CANTON, Ohio — When a Northeast Ohio family received the keys to their first home Wednesday, they also unlocked what some hope is the future of affordable, sustainable housing. Bradley and Marjorie Tyson’s homeownership dream is becoming a reality thanks to a partnership with Habitat for Humanity East Central Ohio.
“We needed health, we needed stability, we needed to own something, instead of just rent and never feel like we were going to get out of that kind of lifestyle,” said Marjorie Tyson, explaining she and her husband have been renting for the past decade.
The couple began seriously hunting for a house to own when they noticed their young daughters’ allergies aggravated by poor ventilation, dust, mold, and other conditions in their rental units. Their search was quickly halted by soaring home costs and limited options on the market. At first, their application to Habitat for Humanity was denied, but the organization later reached out with a unique opportunity.
“We provide the opportunity for families to have the dream of homeownership,” said Beth Lechner, the executive director of Habitat for Humanity East Central Ohio.
Habitat homeowners typically help build their own houses with volunteers, take financial literacy classes and purchase their homes with an affordable zero-interest mortgage. The Tysons’ new home is not a typical Habitat for Humanity home. The "zero energy ready" house was donated by design and manufacturing company Saint-Gobain as part of its Sustaining Futures, Raising Communities initiative.
“With a set of solar panels on top, it would use nothing off the grid, which means long-term you don’t have heating bills, you don’t have electrical bills. It makes it very affordable on a day-to-day basis,” said Mark Rayfield, the CEO of Saint-Gobain North America.

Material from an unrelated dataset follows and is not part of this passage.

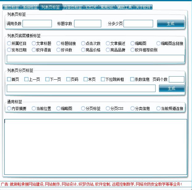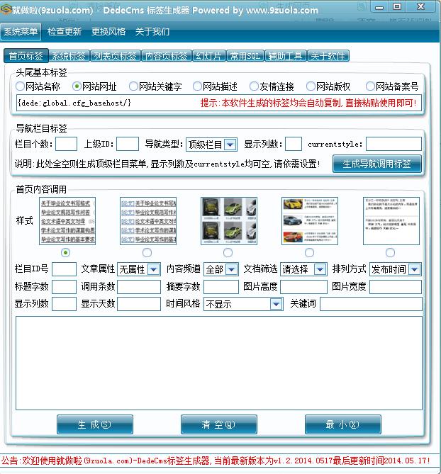 DEDECMS标签生成器是一款方便各位站长使用织梦程序仿站时使用,工具集合了所有dedecms标签,通过网站各部分标签进行分类,所有的标签可以直接点击生成,就可以拿来调用。对于那些刚接触仿站的用户非常实用,不熟悉标签、记不住标签都可以使用这款标签工具。非常的方便,工具界面风格还支持自定义更换。
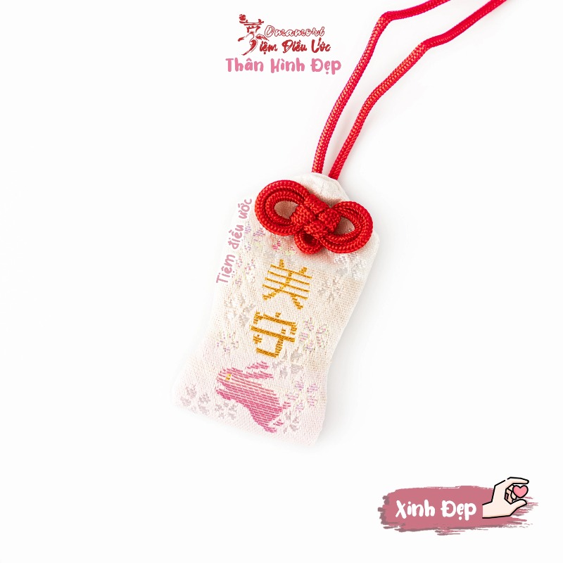 Đặc điểm: Sự đặc biệt của Omamori này là hình dáng bên ngoài, được thắc eo nhẹ, thấy lạ rồi ha! có bé thỏ Unegai dễ thương trên nền Hoa Anh Đào, vừa nhẹ nhàng, duyên dáng vừa xinh xắn

Saint-Gobain donated the Canton home to Habitat for Humanity East Central Ohio with many of its construction materials used to maximize sustainability. Northeast Ohio-based Charis Homes built the house with sustainable techniques and materials.
“We think it’s incumbent on all of us to look at sustainability for the future and so this is the launching pad for that,” Lechner said.
She hopes the Tysons’ home will be the first of many zero energy ready homes.
“If families have lower utility bills, if families can live in a home that’s sustainable, that’s certainly going to help them in the long run with their overall costs and affordability,” she said.
The Tyson family said they didn’t consider sustainability when initially searching for a home, but they were pleasantly surprised by the added benefit.
“We’re so overwhelmed with so much joy, expectation to see how it performs, [we’re] really excited,” Marjorie Tyson said.
Saint-Gobain will monitor the home’s energy performance and the family’s experience living in it. Next year, Habitat for Humanity East Central Ohio plans to build another highly efficient home with its volunteers using the company’s materials and guidance.